Publié par Darío Aranda, Pagina12, 5 juillet 2023
Andalgalá est l’étude de cas de la méga exploitation minière en Argentine. Minera Alumbrera s’y est installée en plein régime Menem. Elle est exploitée depuis plus de 25 ans sans que les promesses d’emplois, de développement local ou de protection de l’environnement ne soient tenues. Andalgalá est également un épicentre de la résistance : depuis plus de vingt ans, les habitants se mobilisent pour rejeter l’extractivisme. Ils ont marché 696 fois (tous les samedis) pour défendre l’eau et la vie. Et ils sont en alerte face à l’arrivée de la multinationale Pan American Silver (PAS), qui entend exploiter le projet douteux MARA (Minera Agua Rica-Alumbrera), à seulement 17 kilomètres de la ville et où les rivières qui alimentent la région en eau prennent leur source.

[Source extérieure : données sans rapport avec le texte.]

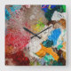 Bring artistic flair to your space with this unique square wall clock featuring a vibrant painter’s palette design. Perfect for studios, creative corners, or art lovers' homes, this clock combines functionality with inspiration. The colourful swirls of paint and water bubbles are a bold statement piece that celebrates creativity. Whether you're timing brush strokes or just keeping track of your day, this clock adds a splash of imagination to any wall.

L’affiche est immense, blanche avec des lettres noires et située à un endroit stratégique, à l’angle de la Plaza 9 de Julio, en plein centre d’Andalgalá : « Pour la défense de l’eau et de la vie. Andalgalá libre de toute méga exploitation minière ». Et sous un drapeau argentin, elle ajoute un autre concept : « La corruption des gouvernements et des entreprises minières est plus mortelle que le Covid-19 ». Cela résume le climat qui règne dans cette ville, la deuxième en termes de population (après la capitale provinciale). Le message reflète une grande partie des sentiments de la population qui, depuis l’arrivée de l’activité, a subi une douzaine de répressions, une judiciarisation et une modification radicale de son mode de vie traditionnel.

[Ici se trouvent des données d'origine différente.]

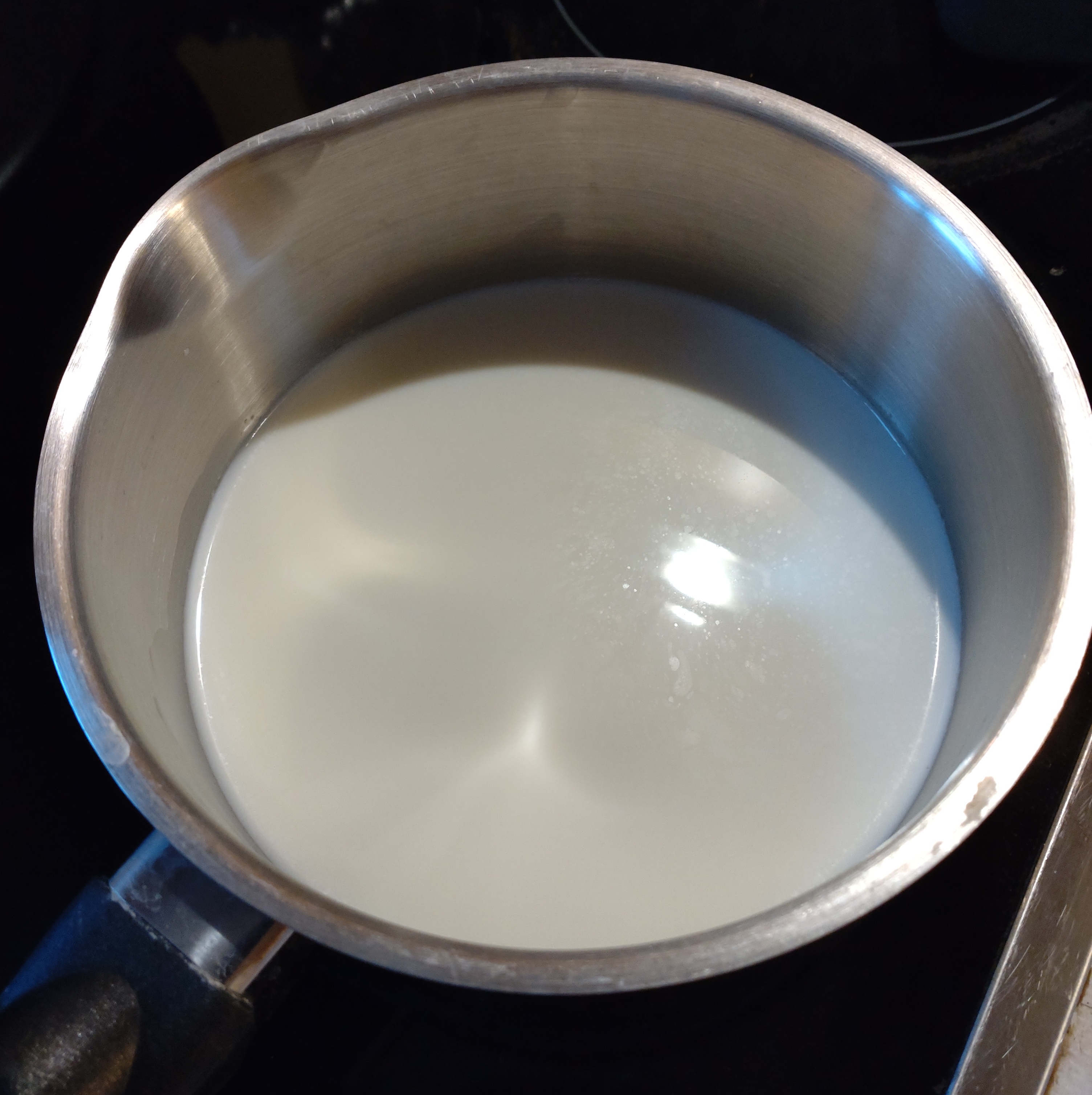 - 牛乳を40度くらいに温める。この時オーブンを、180度に予熱する。

Dans ce contexte, on a appris que la multinationale canadienne Pan American Silver (la plus grande société d’argent au monde) a acquis la société minière Yamana Gold, l’actionnaire principal du projet MARA. La déclaration de l’entreprise fait état de ce qui suit : « L’acquisition de Yamana Gold a été réalisée. Une augmentation significative de la production d’argent et d’or et une amélioration des marges d’exploitation sont attendues ». Le projet MARA (anciennement connu sous le nom d’Agua Rica) était entre les mains d’un consortium composé de Yamana Gold, Glencore et Newmon. L’incorporation de PAS tenterait de lui donner un coup de pouce.
Sergio Martínez, de l’assemblée El Algarrobo – un espace historique dans la lutte pour la défense de l’eau – rappelle que le projet minier MARA est « illégal » car il se situe dans une zone protégée par la loi nationale sur les glaciers (26.639) et précise la validité de l’ordonnance 029 qui protège les rivières d’Andalgalá. « Nous disons toujours à ces entreprises, qu’il s’agisse de PAS ou de Yamana, que nous n’autoriserons pas l’exploitation de ces projets, parce qu’ils violent les droits de l’homme, parce que notre eau et la vie des gens sont en jeu », déclare-t-il.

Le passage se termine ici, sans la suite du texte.